This saffron-scented vegetable tagine with herbed couscous is an exotic, vegan, warm stew that is very easy to make. The saffron lends a wonderful flavour and brilliant yellow colour to this potassium-rich dish.
A pungent blend of different spices makes a wonderful autumnal tagine packed with flavour.
When made the day before, the flavours infuse further to make this a showstopper to woo your guests with.
Makes 6–8 servings.
Vegetable tagine ingredients
2 cloves garlic, crushed
1 large red onion, diced
2 cloves garlic, minced
1 tsp ground cumin
1 tsp ground coriander
2 cups cooked organic chickpeas (see classic hummus recipe, page xxx)
½ cup dehydrated tomatoes, chopped small
2 tbsp tomato passata
¼ tsp saffron threads, soaked in ½ cup filtered water
1 carrot, cut into small dice
1 small sweet potato, peeled and cut into small dice
1 celery stick, thinly sliced
2 cinnamon sticks
1 sachet umami instant stock or 2 vegetable stock cubes dissolved in 6 cups hot filtered water
2 cups fresh shiitake or button mushrooms, washed and thinly sliced
12 dried unsulphured apricots, thinly sliced
¼ cup each fresh parsley and coriander</>
Meyer lemons (small, sweet hybrid lemons thought to be a cross between a regular lemon and a mandarin orange)
Vegetable tagine method
Soak the saffron threads for 30 minutes before using.
Heat a splash or two of filtered water in a heavy-based pan. Add the garlic, onion and spices. Heat on low for 5 minutes, stirring to coat the vegetables with the spices.
Add the chickpeas, tomatoes, tomato passata, saffron threads (and soaking water), carrot, sweet potato, celery, cinnamon sticks and stock.

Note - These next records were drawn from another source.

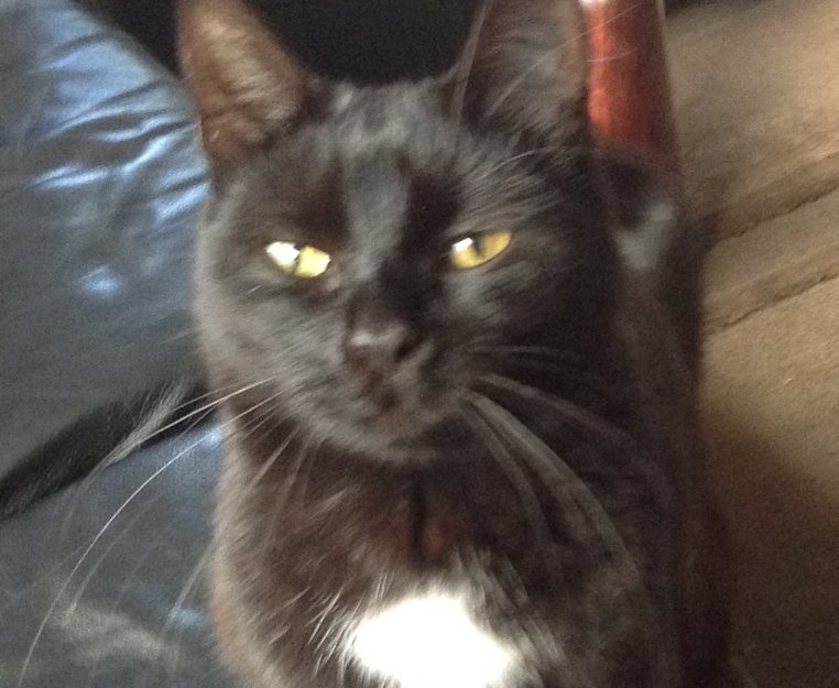 Plutselig mjauet det på døra i dag. Jeg husker å ha hørt en bil stå å gå ved veien, men tenkte ikke så mye på det før hun kom. Så tusen takk til den som fraktet henne hjem hvis det var det som skjedde. 😀
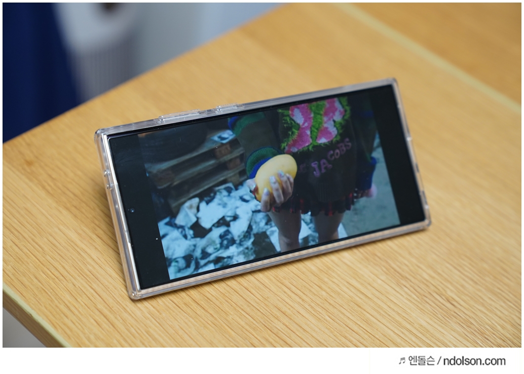 카메라가 갤럭시 S24 울트라의 경우, 튀어나왔지만, 케이스를 씌워두면 평평한 책상에 두어도 덜럭거리지 않습니다.
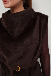Стильный жилет прямого силуэта, выполнен из искусственного меха на подкладке. Цельнокроеный воротник-стойка. Идеальный выбор для холодных дней, который сочетает в себе комфорт, тепло и актуальный дизайн. *Ремень представлен как вариант стилизации образа.
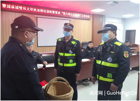 “老人家,我是蒙城县城管局行政执法大队四中队十分队队长代强,这是执法证件。您在车多人多的街道拐角售卖水果,不仅堵塞交通影响市民安全同行,存在一定安全隐患,也影响您和购买水果的市民人身安全,请您到附近临时疏导点摆摊售卖,请您予以配合。”日前,上述场景在蒙城县城管局三楼会议室上演,这是该局党组旨在执法管理更好服务社会和群众,推深做实“我为群众办实事”而举办的一堂生动的文明执法模拟演练活动。

Bring to a boil, and simmer on a low heat for 20 minutes.
Add the dried apricots and mushrooms and continue to simmer for another 25–30 minutes, adding more liquid if required.
Stir in the fresh parsley and coriander and serve with some herbed couscous and fresh salad greens.
Garnish with fresh mint, pomegranate seeds and lemon segments.
Herbed couscous method
3 cups couscous
4½ cups boiling filtered water
Pinch sea salt
1 tsp herbs de Provence
½ cup toasted flaked almonds
Spread the couscous evenly in the bottom of a large casserole so that it is in as thin a layer as possible.
Add the salt and herbs to the boiling water and gently pour over the couscous. Cover tightly with a lid or compostable cling film. Set aside for about 15 minutes, then fluff with a fork and mix through the flaked almonds.